WHAT YOU NEED TO DO.
Among the lines below, output only those between the line holding "Now, let’s talk" and the line holding "A pre-owned iPhone", inclusive, exactly as written and with no pictures.

INFORMATION SUPPLIED.

########

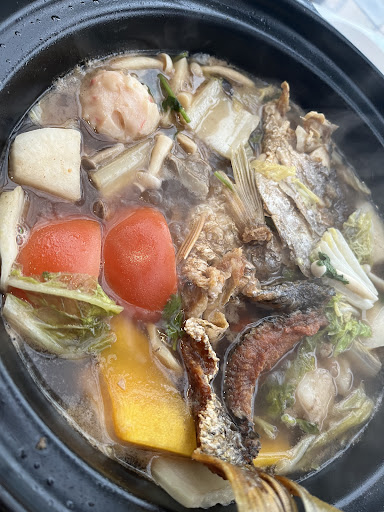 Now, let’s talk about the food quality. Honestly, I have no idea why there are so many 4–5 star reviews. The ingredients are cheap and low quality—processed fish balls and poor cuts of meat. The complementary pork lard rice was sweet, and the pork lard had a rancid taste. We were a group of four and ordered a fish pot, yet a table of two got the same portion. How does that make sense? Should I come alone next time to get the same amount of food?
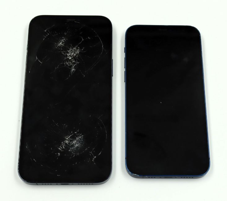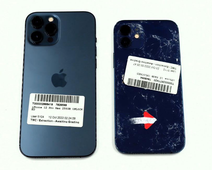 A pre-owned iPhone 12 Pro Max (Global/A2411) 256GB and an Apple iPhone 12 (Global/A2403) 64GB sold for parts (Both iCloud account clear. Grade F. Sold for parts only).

########

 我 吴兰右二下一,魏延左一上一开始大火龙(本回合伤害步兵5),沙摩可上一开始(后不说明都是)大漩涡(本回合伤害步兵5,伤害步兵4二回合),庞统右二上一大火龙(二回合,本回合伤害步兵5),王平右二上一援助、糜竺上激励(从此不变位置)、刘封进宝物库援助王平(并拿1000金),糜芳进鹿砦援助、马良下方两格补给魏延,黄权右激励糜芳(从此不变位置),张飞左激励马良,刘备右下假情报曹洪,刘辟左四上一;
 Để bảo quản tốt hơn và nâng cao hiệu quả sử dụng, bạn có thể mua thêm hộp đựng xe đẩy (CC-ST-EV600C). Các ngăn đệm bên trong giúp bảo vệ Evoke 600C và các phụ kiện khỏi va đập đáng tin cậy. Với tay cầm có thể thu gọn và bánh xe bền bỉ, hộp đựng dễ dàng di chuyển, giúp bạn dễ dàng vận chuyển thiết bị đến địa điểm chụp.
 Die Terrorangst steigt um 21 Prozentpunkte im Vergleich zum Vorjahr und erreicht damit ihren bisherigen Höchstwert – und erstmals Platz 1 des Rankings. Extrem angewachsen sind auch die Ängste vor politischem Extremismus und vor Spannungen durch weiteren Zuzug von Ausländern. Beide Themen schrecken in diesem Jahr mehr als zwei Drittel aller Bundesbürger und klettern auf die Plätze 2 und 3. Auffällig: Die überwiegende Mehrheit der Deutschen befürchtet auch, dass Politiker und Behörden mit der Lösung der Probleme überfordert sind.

########

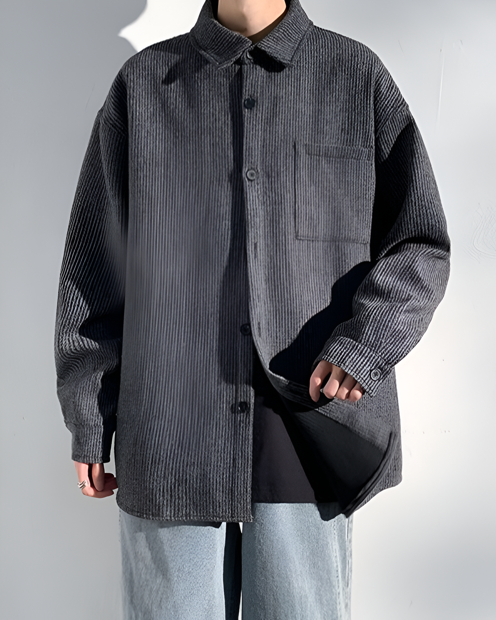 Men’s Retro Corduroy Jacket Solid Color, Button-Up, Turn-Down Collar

########

RESPONSE TO THIS EXERCISE.
 Now, let’s talk about the food quality. Honestly, I have no idea why there are so many 4–5 star reviews. The ingredients are cheap and low quality—processed fish balls and poor cuts of meat. The complementary pork lard rice was sweet, and the pork lard had a rancid taste. We were a group of four and ordered a fish pot, yet a table of two got the same portion. How does that make sense? Should I come alone next time to get the same amount of food?
 A pre-owned iPhone 12 Pro Max (Global/A2411) 256GB and an Apple iPhone 12 (Global/A2403) 64GB sold for parts (Both iCloud account clear. Grade F. Sold for parts only).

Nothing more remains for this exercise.